6.3. The right to lodge a complaint with the supervisory authority – i.e. to the President of the Personal Data Protection Office, Personal Data Protection Office, ul. Stawki 2, 00 – 193 Warsaw.
6.4. Right to object – the data subject has the right to object at any time – for reasons relating to his or her particular situation – to the processing of his or her personal data based on Article 6(1)(e) (public interest or tasks) or (f) (legitimate interest of the controller), including profiling based on these provisions. In such a case, the controller is no longer allowed to process the personal data, unless he or she demonstrates compelling legitimate grounds for processing that override the interests, rights and freedoms of the data subject, or grounds for establishing, pursuing or defending claims.
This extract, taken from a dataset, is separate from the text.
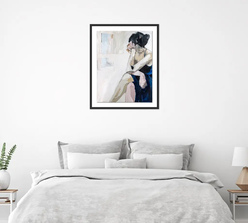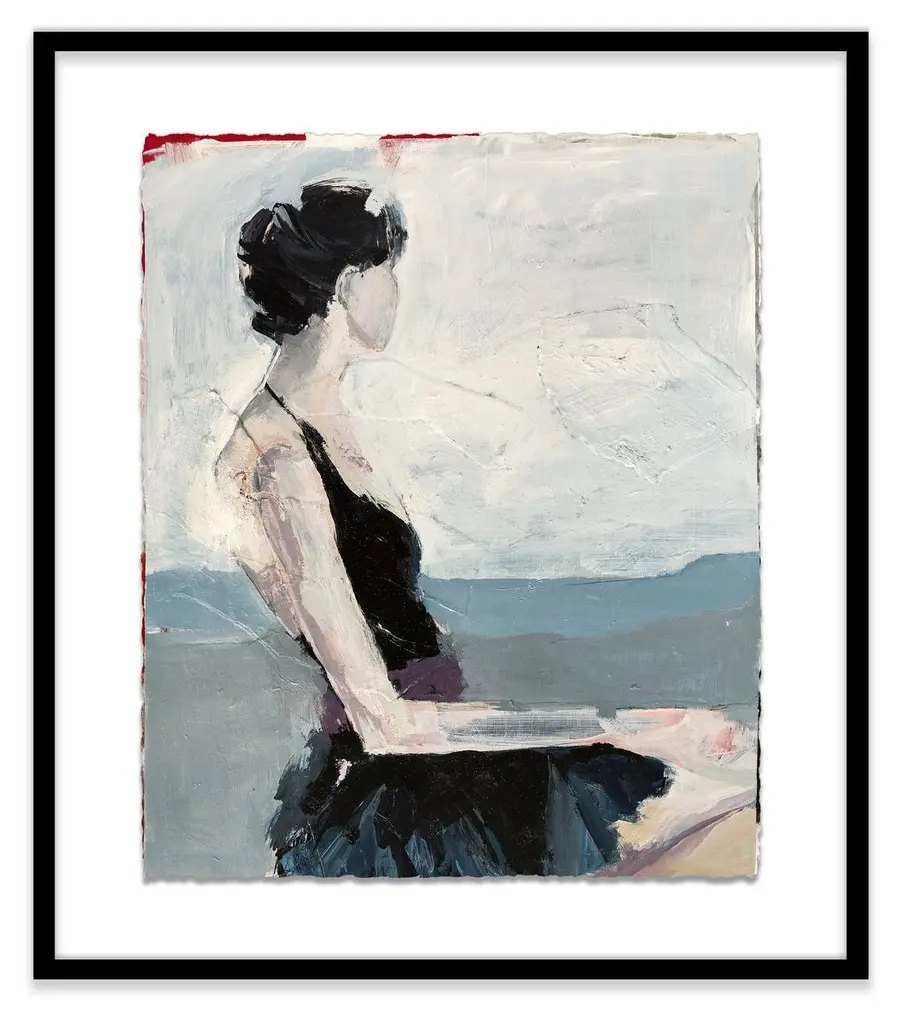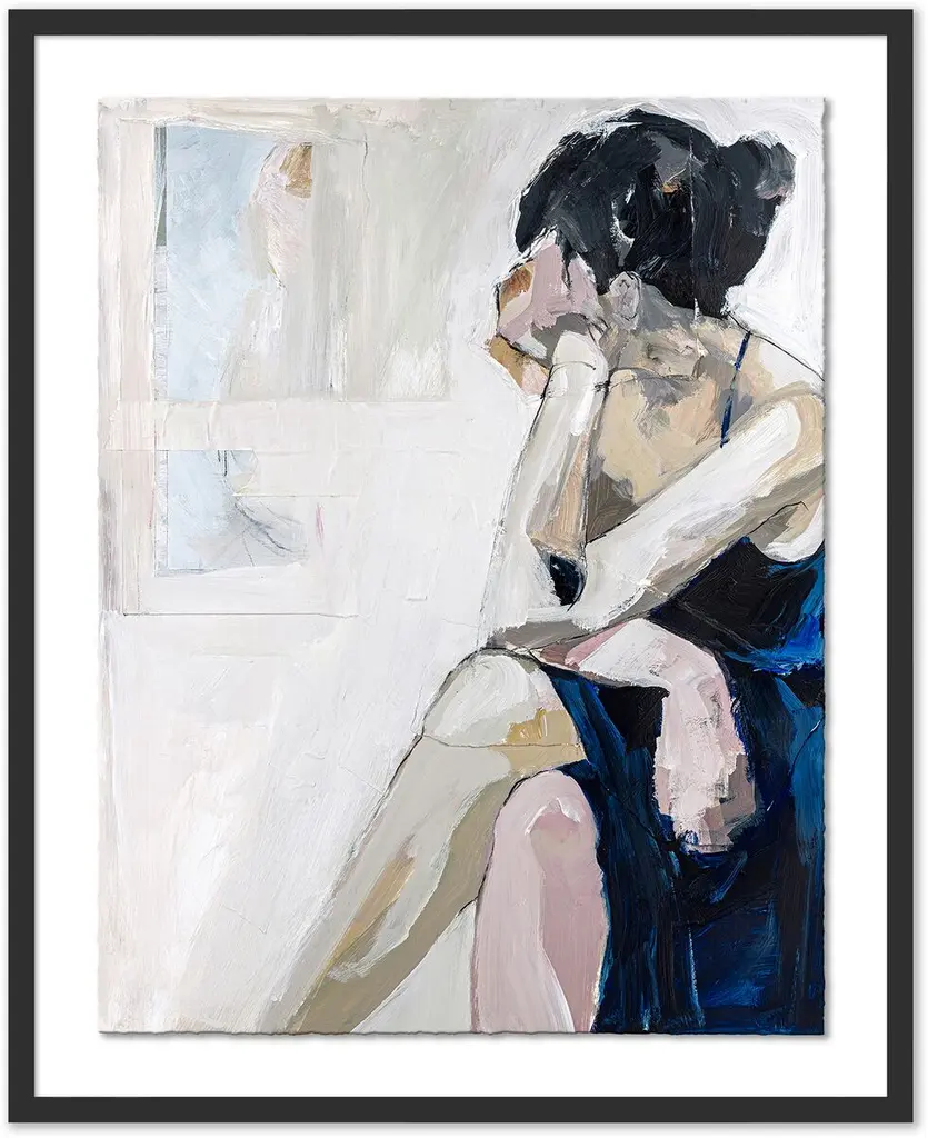 This evocative portrait is a faithful giclée reproduction of a painting by Jane Feil. Floated above a white mat within a wood frame, it arrives ready to hang.Born in Chicago, Jane Feil received a BFA from the California College of the Arts in 1976. In the decades that have followed, her paintings have focused on the endlessly fascinating human figure. Feil has raised six children and lived in Santa Monica for nearly 30 years.

6.5. In order to exercise the rights referred to in this point of the privacy policy, you can contact the Administrator by sending an appropriate message in writing or by e-mail to the Administrator’s address indicated at the beginning of the privacy policy or by using the contact form available on the Website.
7.1. Cookies are small text information in the form of text files, sent by the server and saved on the side of the person visiting the Service (e.g. on the hard drive of a computer, laptop, or on the memory card of a smartphone – depending on the device used by the visitor to the Service). Detailed information on Cookies, as well as the history of their creation can be found here: http://pl.wikipedia.org/wiki/Ciasteczko.
7.2. The Administrator may process the data contained in Cookies when visitors use the Service for the following purposes: 7.2.1. identifying Service Recipients as logged in to the Service and showing that they are logged in; 7.2.2. remembering selected services in order to place an Order; 7.2.3. remembering data from completed Order Forms or login data to the Service; 7.2.4. adapting the content of the Service page to the Service Recipient’s individual preferences (e.g. regarding colors, font size, page layout) and optimizing the use of the Service pages; 7.2.5. keeping anonymous statistics showing how the Service page is used;
7.3. By default, most web browsers available on the market accept the saving of Cookies by default. Everyone has the ability to specify the terms of using Cookies using the settings of their own web browser. This means that you can, for example, partially limit (e.g. temporarily) or completely disable the ability to save Cookies – in the latter case, however, this may affect some functionalities of the Service.
7.4. The settings of the web browser regarding Cookies are important from the point of view of consent to the use of Cookies by the Service – in accordance with the regulations, such consent may also be expressed through the settings of the web browser. In the absence of such consent, the settings of the web browser regarding Cookies should be changed accordingly.
7.5. Detailed information on changing Cookie settings and deleting them yourself in the most popular web browsers is available in the help section of the web browser and on the following pages (just click on the link):
Personal data may be transferred outside the European Economic Area, but in such a situation it always takes place to countries that ensure at least the same level of protection of personal data as that applicable in the territory of the European Union.
8.1. The Service may contain links to other websites. The Administrator encourages you to read the privacy policy established there after going to other websites. This privacy policy applies only to the Administrator’s Service
8.2. The Privacy Policy is constantly reviewed and updated as necessary.
8.3. The current version of the Privacy Policy has been adopted and is effective from December 1, 2024.